Soy sauce is not just for the cuisines of Asia. Tex-Mex fajitas often use soy sauce as a primary seasoning. A small percentage of soy sauce in an Italian-style tomato sauce rounds out the flavor profile, and since it influences the other four primary flavors — sweet, sour, bitter, and salty — it actually makes the sauce taste like it cooked longer.
In larger production facilities, developers are challenged to emulate the cooking techniques that chefs use in creating the gold standard in the lab. Take, for example, that notable flavor-layering technique used in most global cuisines, caramelizing onions. Adding some soy sauce to the fat and onions as they cook in the massive kettles will cause the onions to brown more quickly and develop a deeper flavor and color, thereby saving processing time.

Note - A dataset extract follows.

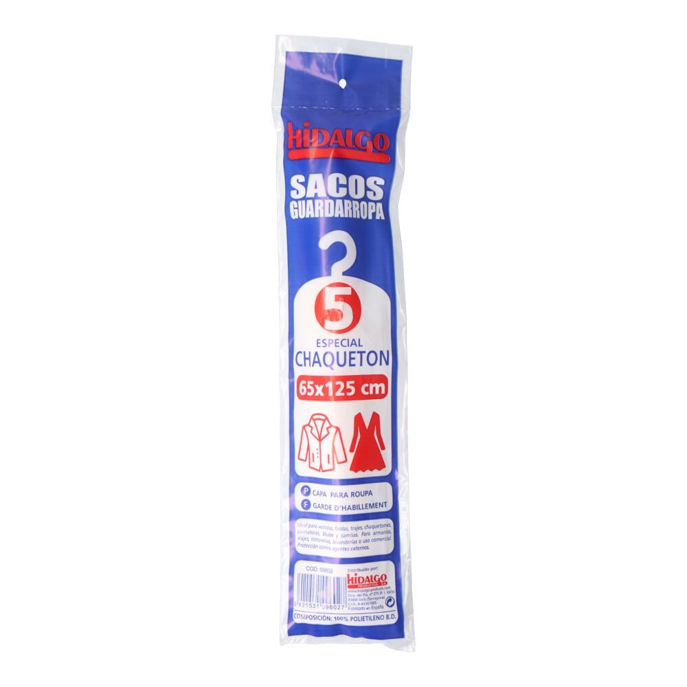 5 Sacos Guardarropa N°2 Chaquetón 65X125Cm Mauris. Protege La Ropa Del Polvo, Humedad Y Polillas. 100% Poliuretano.Producto Nacional.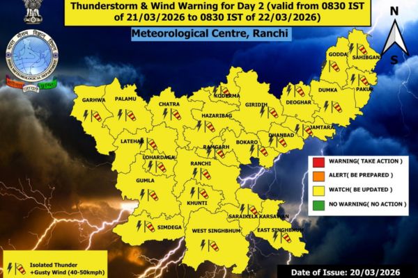 सोशल संवाद/राँची : बंगाल की खाड़ी से आ रही नमी और सक्रिय साइक्लोनिक सर्कुलेशन के कारण कई जिलों में तेज आंधी, वज्रपात और ओलावृष्टि की संभावना जताई गई है। मौसम विभाग ने 20 मार्च को पूरे राज्य में ऑरेंज अलर्ट जारी किया है।

For plant-based or ground meat mixtures, either soy sauce or soybean paste adds a tremendous layer of flavor, and if a sweeter flavor profile is desired, adding hoisin sauce that has a fermented soy base works nicely.
Rising Stocks
With so much attention on plant-based foods, it’s no surprise that vegetable stock has been trending upward. Vegetable stock in menu mentions has grown 19% since 2009, according to reports by research group Datassential. Still, and considering all the plant-forward innovations flooding the market, it has some catching up to do versus chicken stock, with Datassential reporting continued double-digit growth for that ingredient – up 31% in the past year and 13% over the last four years.